Metric: Lemmas F1 score from the official CoNLL-2018 evaluation script
Intended use
This model can be used for:
- lemmatization of Old Church Slavonic;
- lemmatization of Old East Slavic;
- preprocessing historical Slavic corpora;
- corpus search and lexical normalization;
- philological and linguistic annotation;
- Universal Dependencies-based NLP experiments;
- research on low-resource and historical NLP.
Limitations
OldSlavicLemma is a lemmatizer, not a full NLP pipeline. For raw text, tokenization must be performed separately before lemma prediction.
Performance may vary across languages, scripts, corpus sizes, and annotation conventions. The model is expected to be most useful in settings where inflected forms exhibit reusable character-level stem and suffix transformations.

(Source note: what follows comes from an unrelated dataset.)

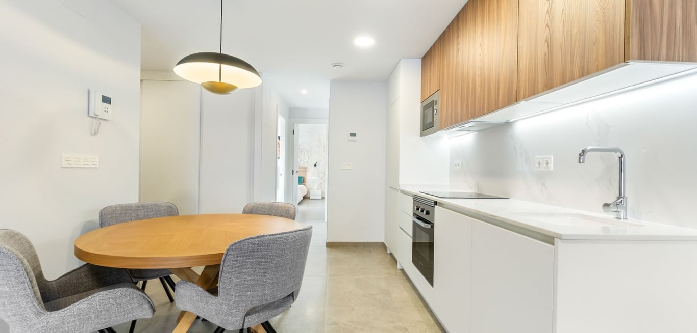 Modern resale apartment offers a functional and bright layout in a convenient area of Torrevieja. It consists of two bedrooms, including the main one, and two bathrooms equipped with glass shower screens and wall-mounted sinks; one finished with textured white tiles and the other with a wood-effect design. The bedrooms have a simple, minimalist style, with windows that provide good natural light. One bedroom includes a decorative wall as part of the interior finish. The open-plan living ar...

Although the model is portable across Universal Dependencies treebanks, it should not be interpreted as uniformly optimal for all languages. Dictionary-based, edit-tree-based, or morphologically supervised systems may remain competitive in high-coverage, highly standardized, or typologically different settings.
License
The pretrained model weights in this repository are released under the Creative Commons Attribution-NonCommercial 4.0 International License (CC BY-NC 4.0).
The source code for training and inference is available on GitHub and is released under the MIT License.
Commercial use of the pretrained model weights is not permitted without prior permission.
License details: https://creativecommons.org/licenses/by-nc/4.0/
Citation
A formal citation for OldSlavicLemma will be added soon.